That's because what seemed like the best way to do hidpi when macOS added it (fixed scale factors and assets) ended up being a problem. It's better to not abstract away the DPI differences. It makes for worse compatibility in the short term, but much better long-term.

The behavior with high refresh rates is pretty bad, too. A lot of stuff is hardcoded to 60hz, and programs have to opt in. They haven't even fixed Safari properly yet.


Strongly disagree.

Every time I read about the benefits of Wayland, I read shopping list of stuff I don't care about and don't want. I don't give a stuff about techie nerdwank like refresh rates, tearing, video smoothness, triple buffering and other pointless implementation details that it is the entire job of a GUI to make go away.

What I care about is that I plug in a screen, I drag a window onto it, and it stays the same size. That my window can straddle two screens and still work. That I can resize it across as many screens as I want.

I want it to work and I want how that happens to be invisible.

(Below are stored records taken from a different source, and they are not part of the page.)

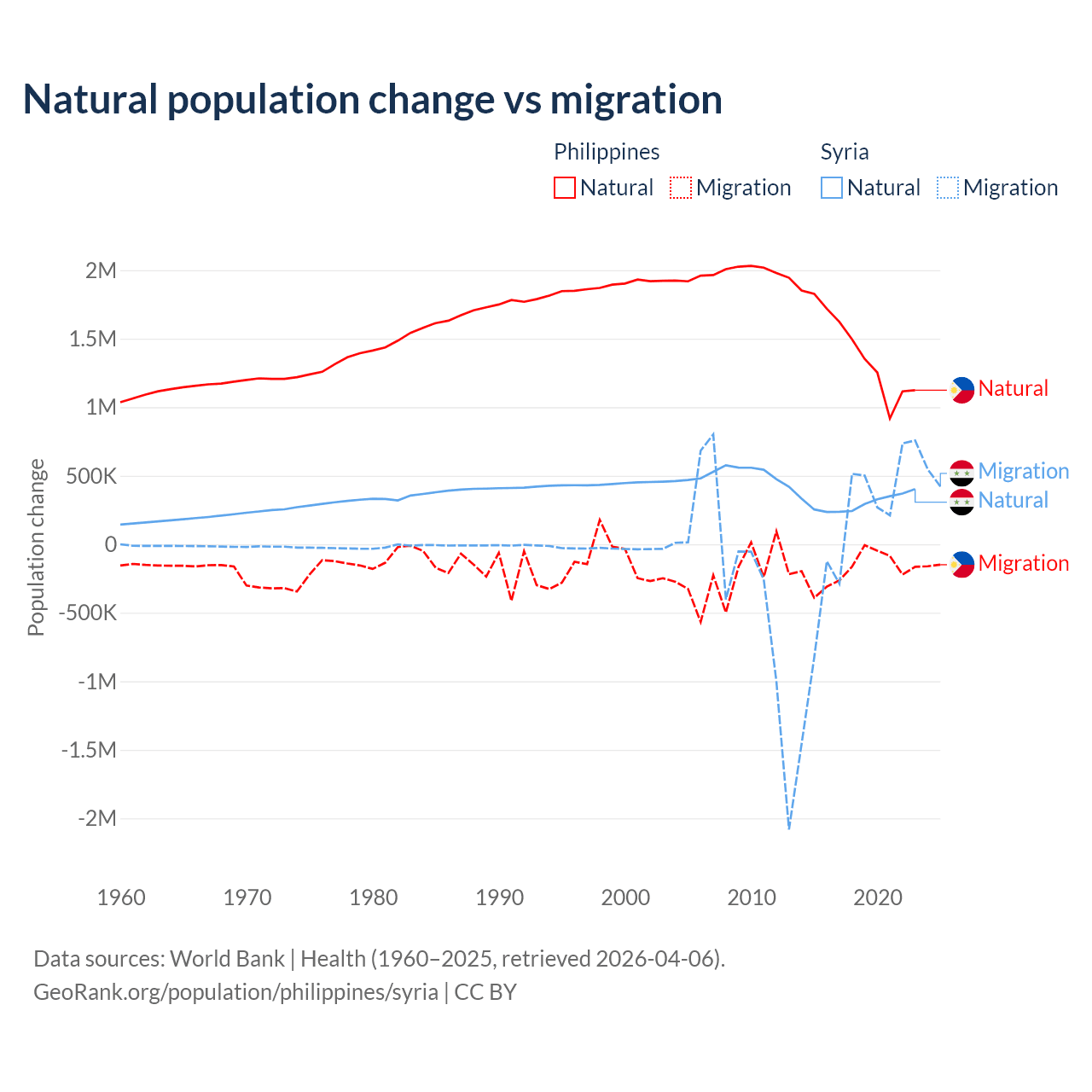 Over the last 10 years, 88.5% of the population change in the Philippines is from natural causes (a gain of 14,279,705 people) and 11.5% is from migration (a loss of 1,848,117 people). In Syria 91.3% is from natural causes (a gain of 3,047,621 people) and 8.72% is from migration (a gain of 291,069 people).
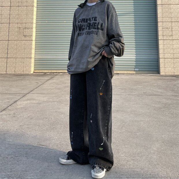 ウェストパンツ スプリングスタンダードルーズジーンズ レトロ 春物 Brother_is_Style5432966738
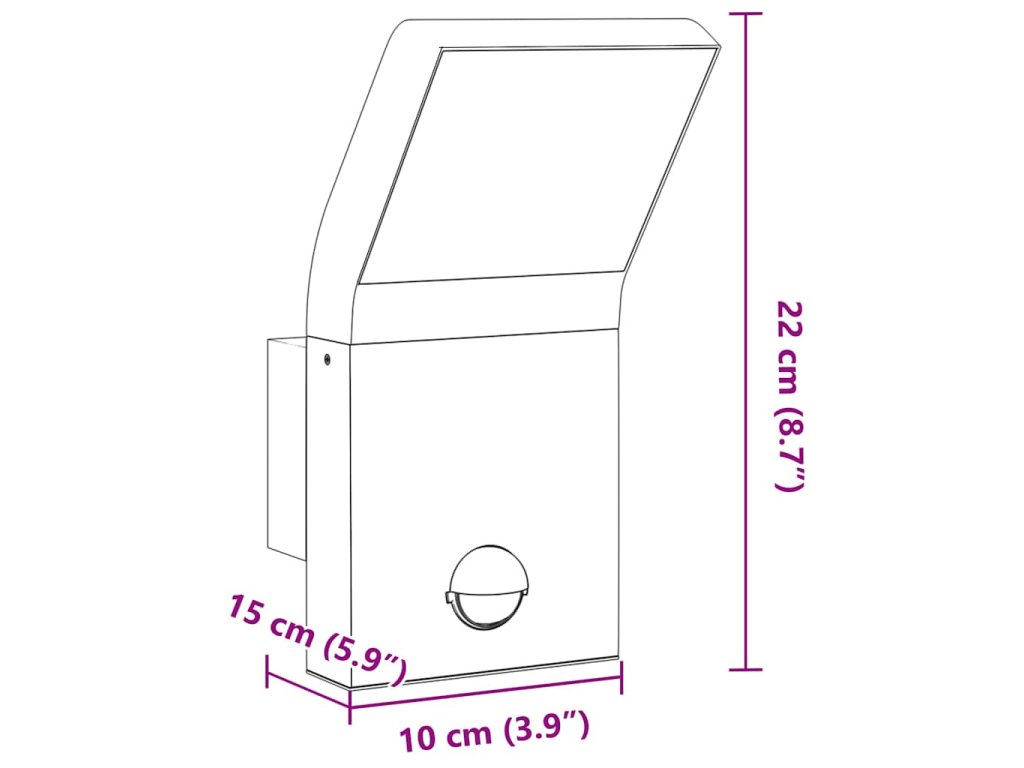 - Čidlo pohybu PIR: Venkovní nástěnné svítidlo je vybaveno vestavěným PIR (pasivním infračerveným) čidlem pohybu s detekčním úhlem 120° a účinným dosahem až 10 metrů. Světlo se automaticky aktivuje při detekci pohybu a dobu svícení lze nastavit v rozmezí 8 sekund až 3,5 minuty.
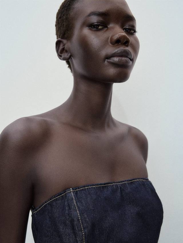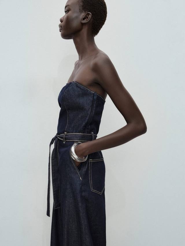 Этот комбинезон без рукавов от Mango с вырезом бандо имеет прямой крой и выполнен из прочного денима. Этот сдержанный и простой вариант идеально подходит для повседневных городских прогулок.
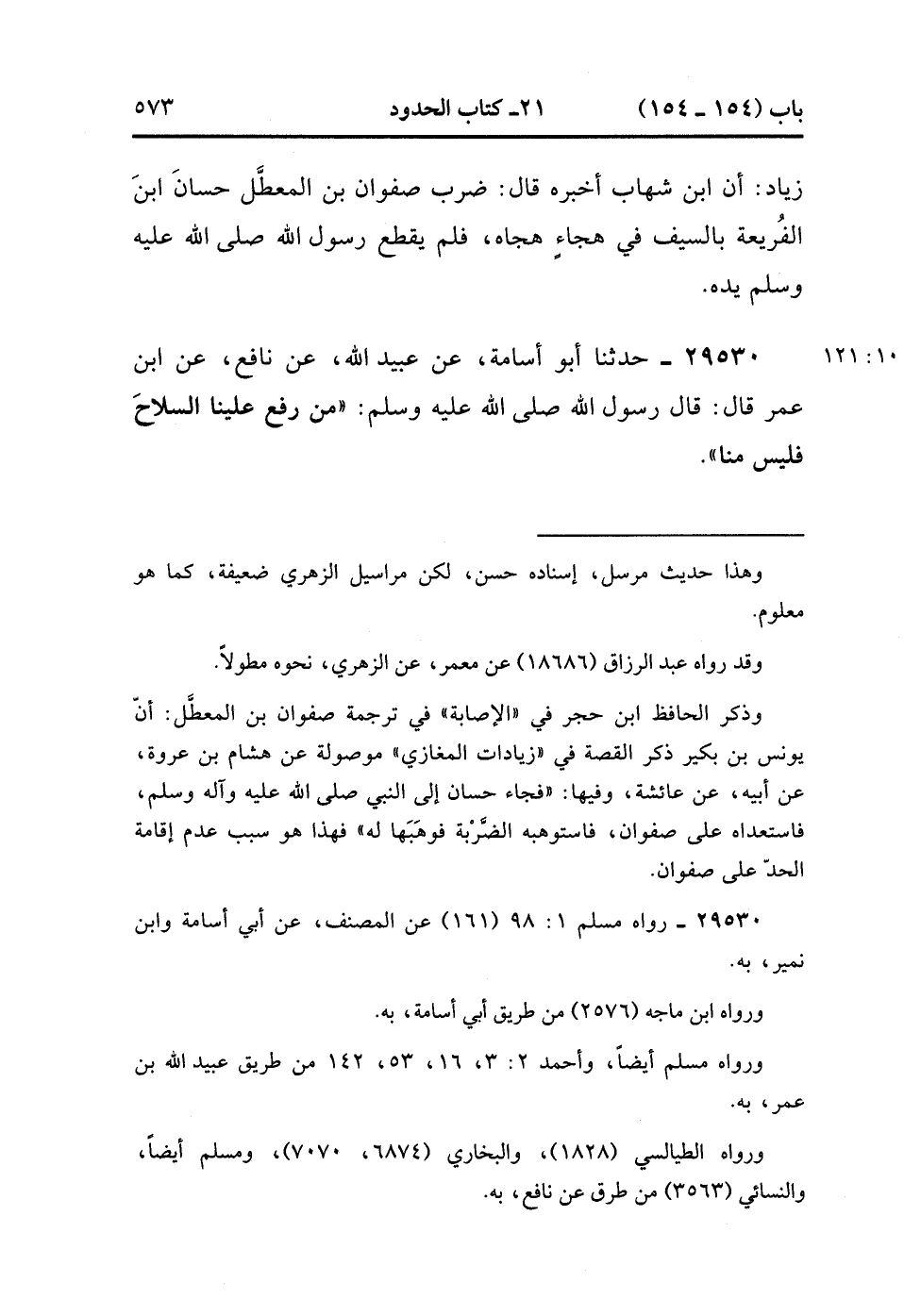 29529- حَدَّثَنَا مُحَمَّدُ بْنُ بَكْرٍ ، عَنِ ابْنِ جُرَيْجٍ ، قَالَ : أَخْبَرَنَي زِيَادٌ ؛ أَنَّ ابْنَ شِهَابٍ أَخْبَرَهُ ، قَالَ : ضَرَبَ صَفْوَانُ بْنُ الْمُعَطَّلِ حَسَّانَ بْنَ الْفُرَيْعَةِ بِالسَّيْفِ فِي هِجَاءٍ هَجَاهُ ، فَلَمْ يَقْطَعْ رَسُولُ اللهِ صَلَّى الله عَلَيْهِ وَسَلَّمَ يَدَهُ. (10/120).
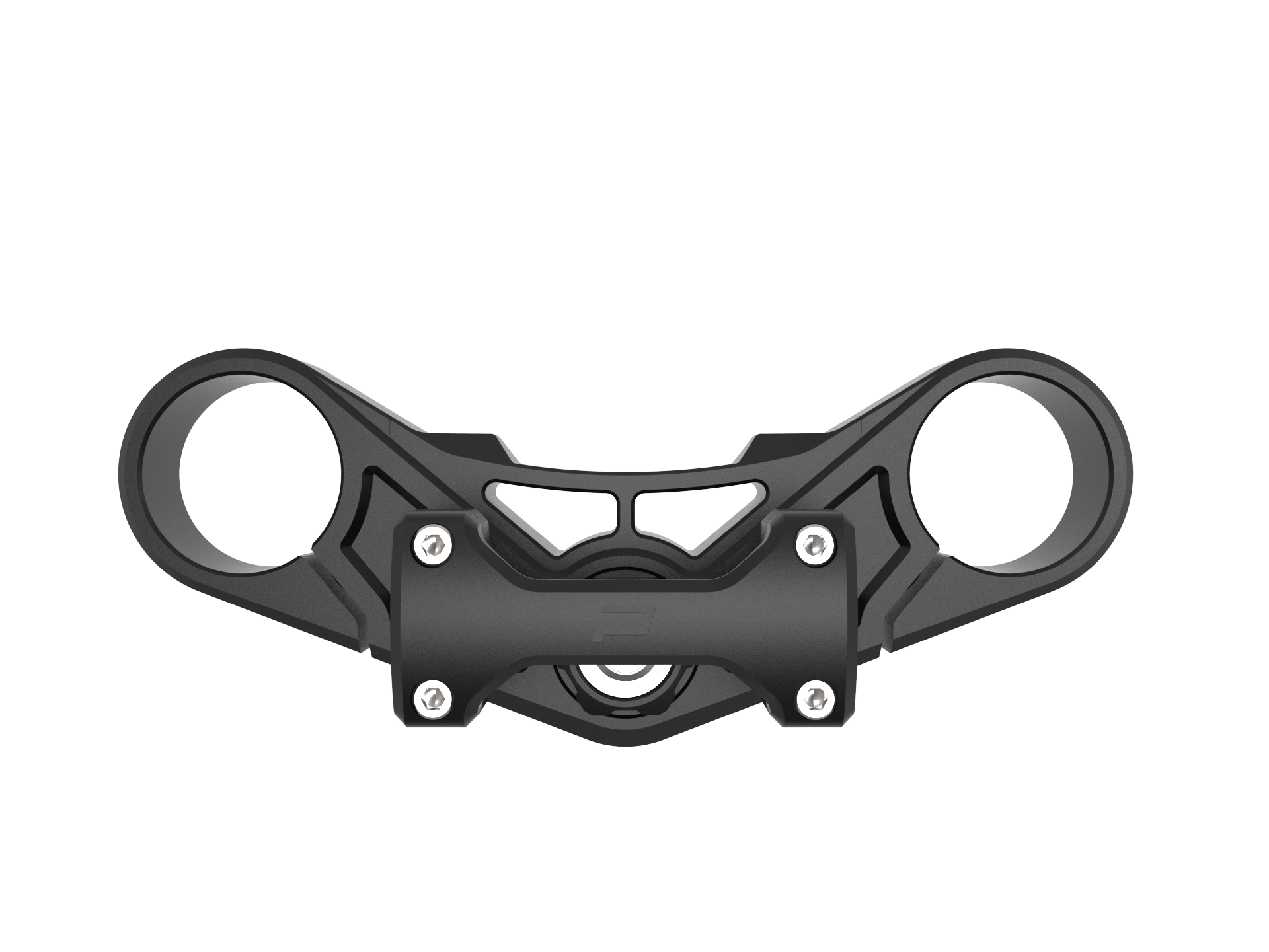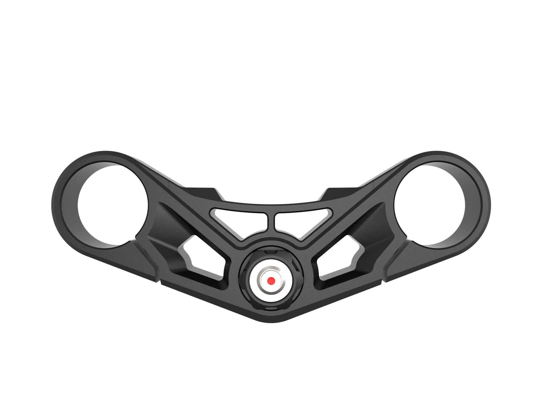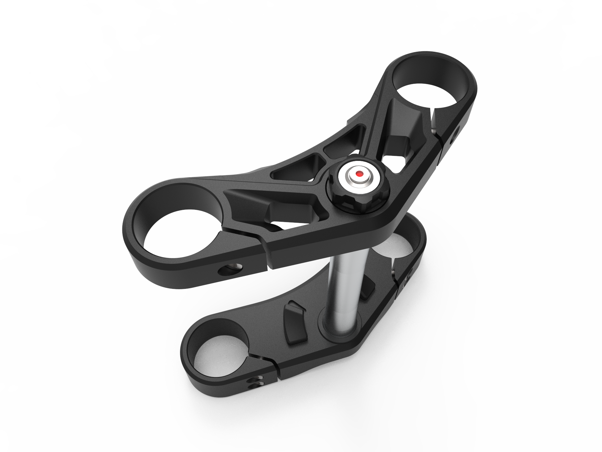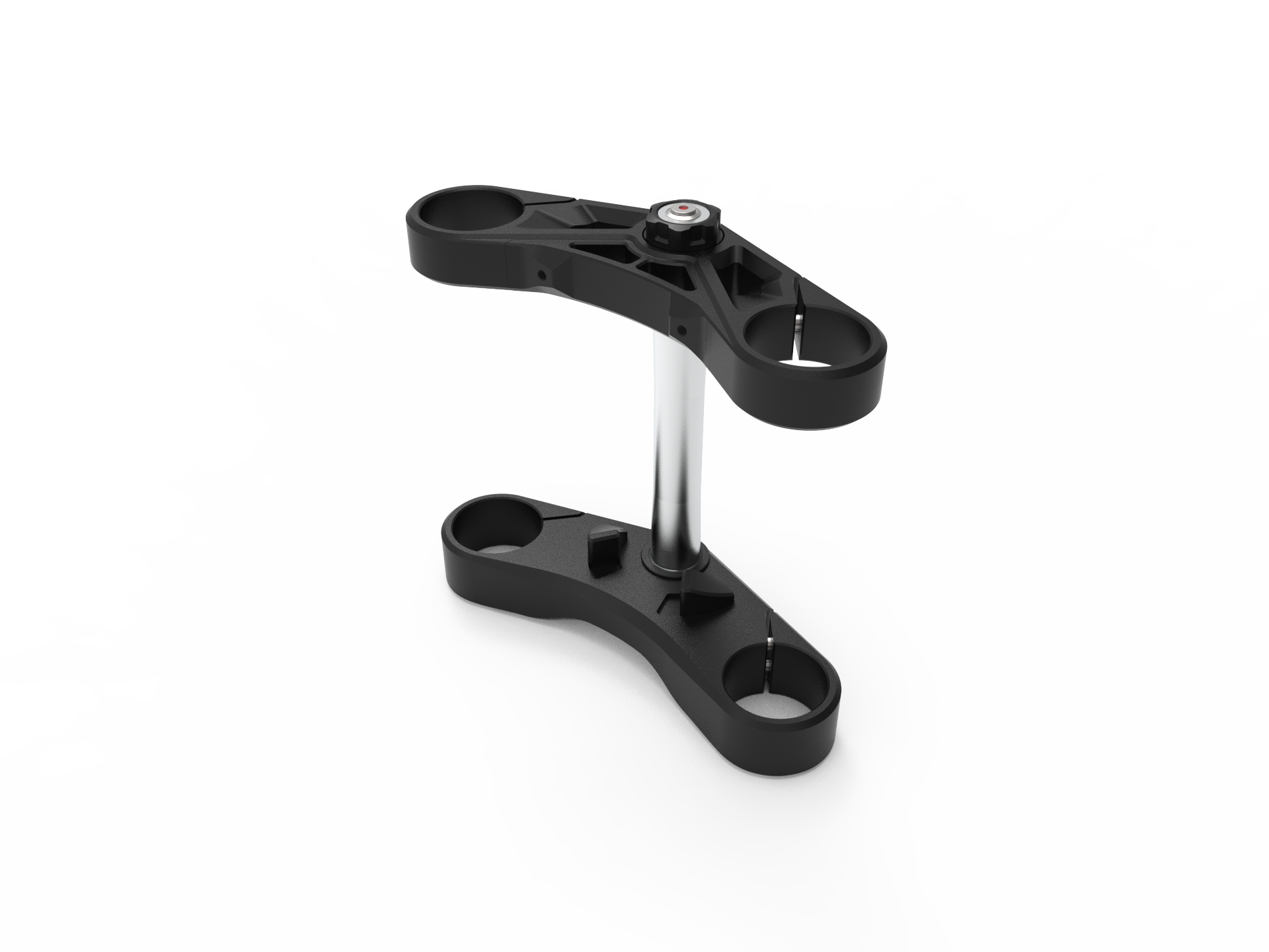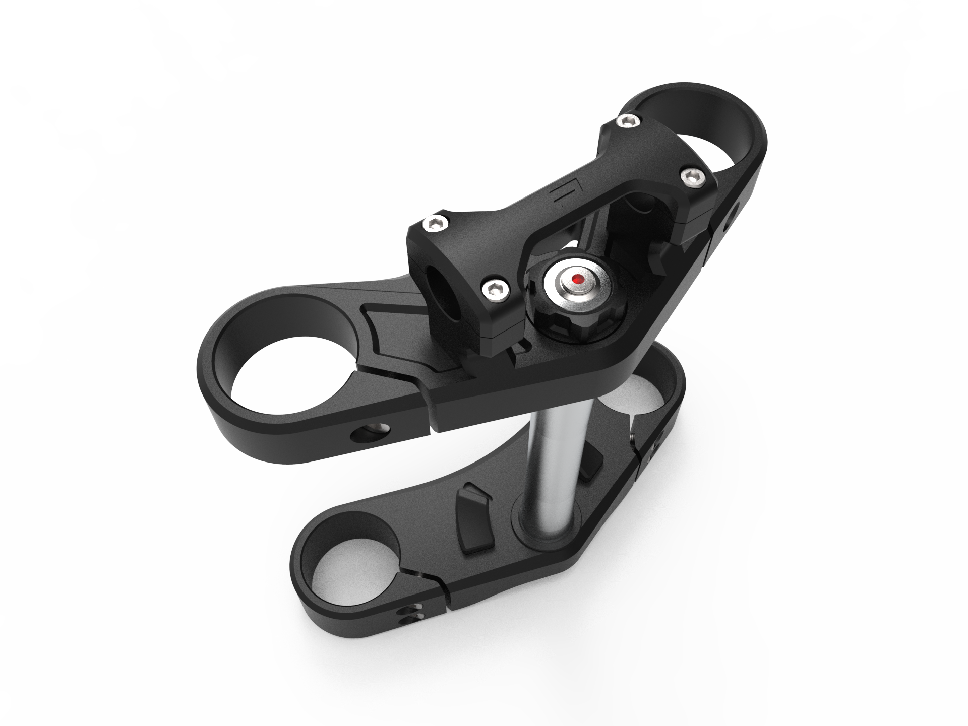 - Vollaluminium-Gabelbrücke schwarz eloxiert mit verstellbaren Lenkanschlägen und Aufnahme für Bremsleitungssplitter

Wayland, as far as I can tell, is about xNix graphics programmers complaining about how hard the job is, I'm afraid.


From what you describe we actually strongly agree. This stuff should work and be invisible to the user. I just meant that the environment should expose the DPI details to the programmer and not pretend everything is low dpi like it's always been.

Wayland is about a bunch of amateur programmers learning for the first time how graphics work, individually and separately all in parallel. Wayland needed to have a bigger, definitive core library designed by experienced developers. What we've got now instead is a myriad of low-level graphics implementations, none of which handle edge cases very well.